Data for this exercise:
--------------------------------------------------
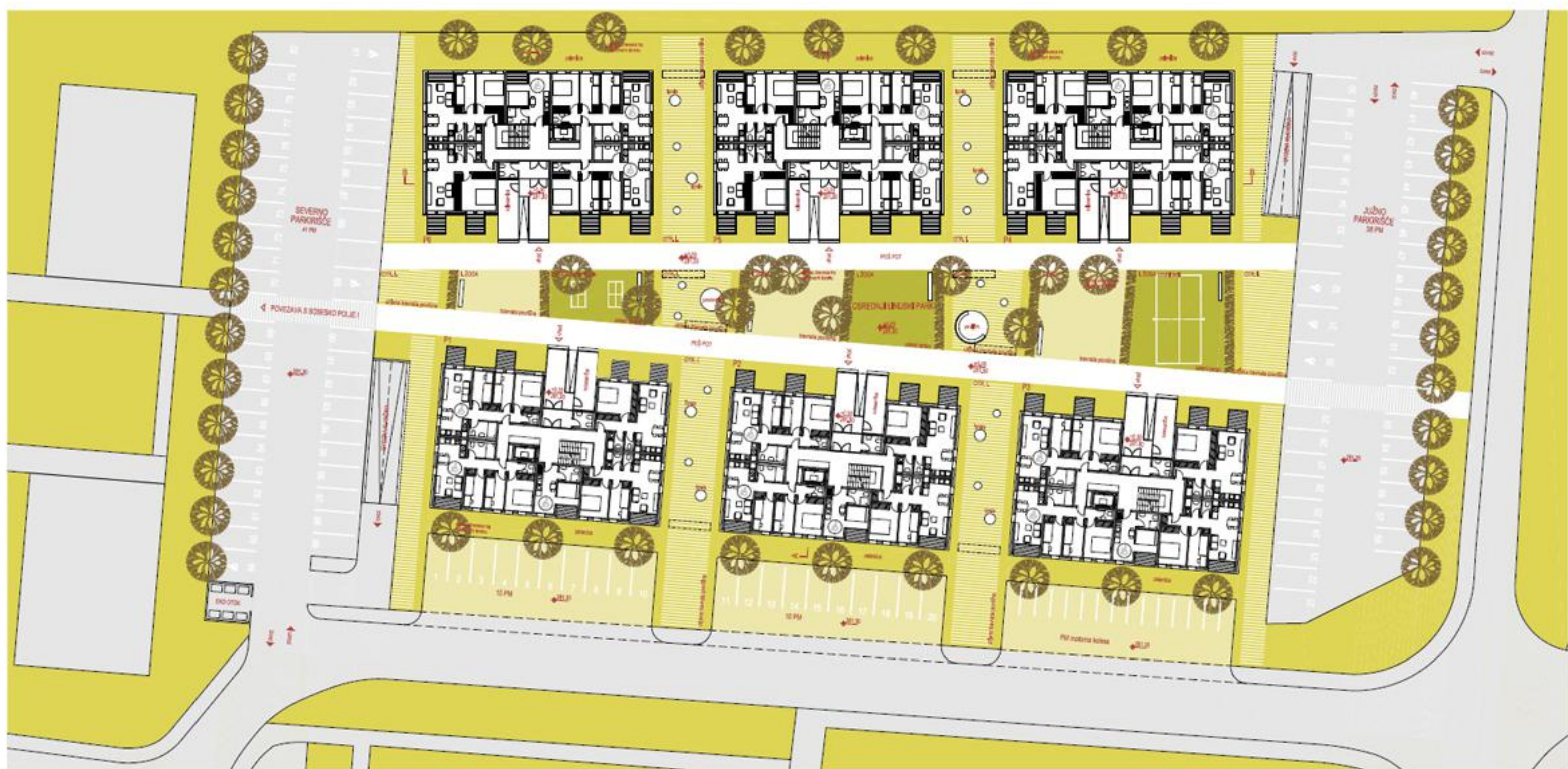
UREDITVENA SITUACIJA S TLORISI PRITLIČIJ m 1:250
--------------------------------------------------
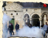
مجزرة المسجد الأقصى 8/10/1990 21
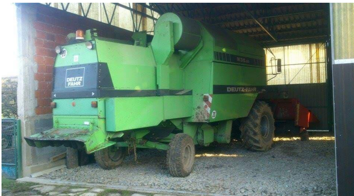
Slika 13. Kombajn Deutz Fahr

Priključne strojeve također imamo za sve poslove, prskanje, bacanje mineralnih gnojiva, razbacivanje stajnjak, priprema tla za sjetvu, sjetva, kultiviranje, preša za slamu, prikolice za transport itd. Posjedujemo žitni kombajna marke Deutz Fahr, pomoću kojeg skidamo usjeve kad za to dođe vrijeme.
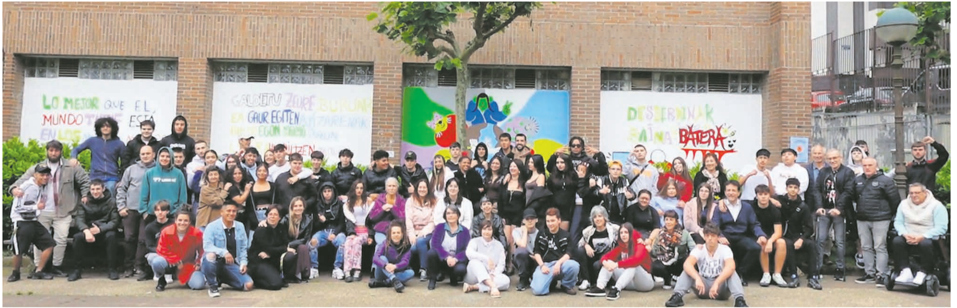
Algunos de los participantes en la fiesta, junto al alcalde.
--------------------------------------------------
What you should do: In the material above, how many lines include the word "Fahr"? State that number alone.

Response below: 2